START Data
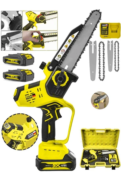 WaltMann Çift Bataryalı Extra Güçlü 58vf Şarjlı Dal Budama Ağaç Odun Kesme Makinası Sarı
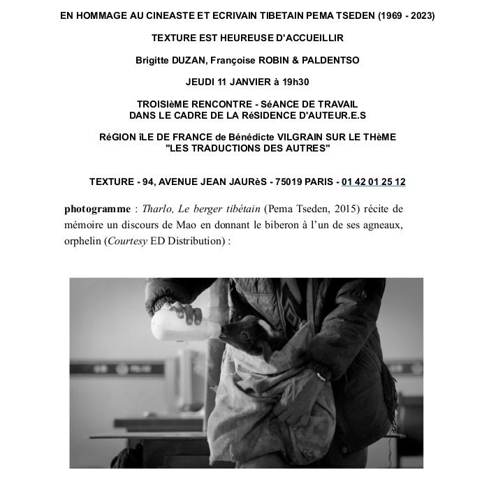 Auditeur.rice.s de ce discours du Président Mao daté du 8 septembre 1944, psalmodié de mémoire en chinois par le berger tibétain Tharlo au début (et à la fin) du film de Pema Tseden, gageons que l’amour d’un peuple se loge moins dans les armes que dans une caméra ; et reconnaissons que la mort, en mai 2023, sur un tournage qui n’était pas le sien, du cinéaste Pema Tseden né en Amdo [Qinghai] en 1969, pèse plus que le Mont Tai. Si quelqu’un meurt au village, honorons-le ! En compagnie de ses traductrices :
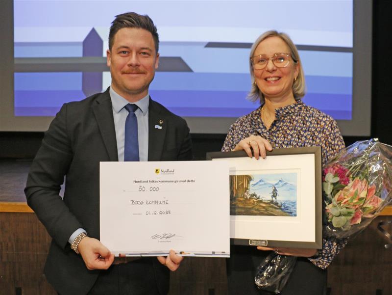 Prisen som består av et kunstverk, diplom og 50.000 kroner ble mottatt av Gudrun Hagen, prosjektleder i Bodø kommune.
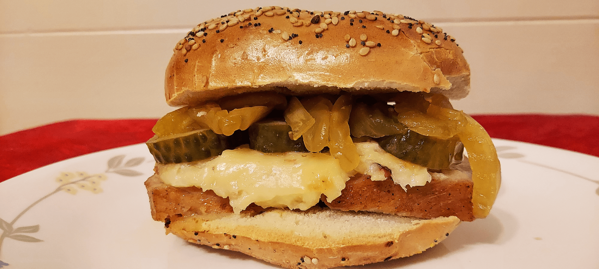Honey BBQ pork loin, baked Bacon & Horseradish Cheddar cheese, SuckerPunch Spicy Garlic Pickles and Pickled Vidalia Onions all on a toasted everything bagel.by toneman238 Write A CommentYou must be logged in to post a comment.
END Data
Exercise goal: Leaving images out, please output every line of the data exactly.

Answer for the task:
 WaltMann Çift Bataryalı Extra Güçlü 58vf Şarjlı Dal Budama Ağaç Odun Kesme Makinası Sarı
 Auditeur.rice.s de ce discours du Président Mao daté du 8 septembre 1944, psalmodié de mémoire en chinois par le berger tibétain Tharlo au début (et à la fin) du film de Pema Tseden, gageons que l’amour d’un peuple se loge moins dans les armes que dans une caméra ; et reconnaissons que la mort, en mai 2023, sur un tournage qui n’était pas le sien, du cinéaste Pema Tseden né en Amdo [Qinghai] en 1969, pèse plus que le Mont Tai. Si quelqu’un meurt au village, honorons-le ! En compagnie de ses traductrices :
 Prisen som består av et kunstverk, diplom og 50.000 kroner ble mottatt av Gudrun Hagen, prosjektleder i Bodø kommune.
Honey BBQ pork loin, baked Bacon & Horseradish Cheddar cheese, SuckerPunch Spicy Garlic Pickles and Pickled Vidalia Onions all on a toasted everything bagel.by toneman238 Write A CommentYou must be logged in to post a comment.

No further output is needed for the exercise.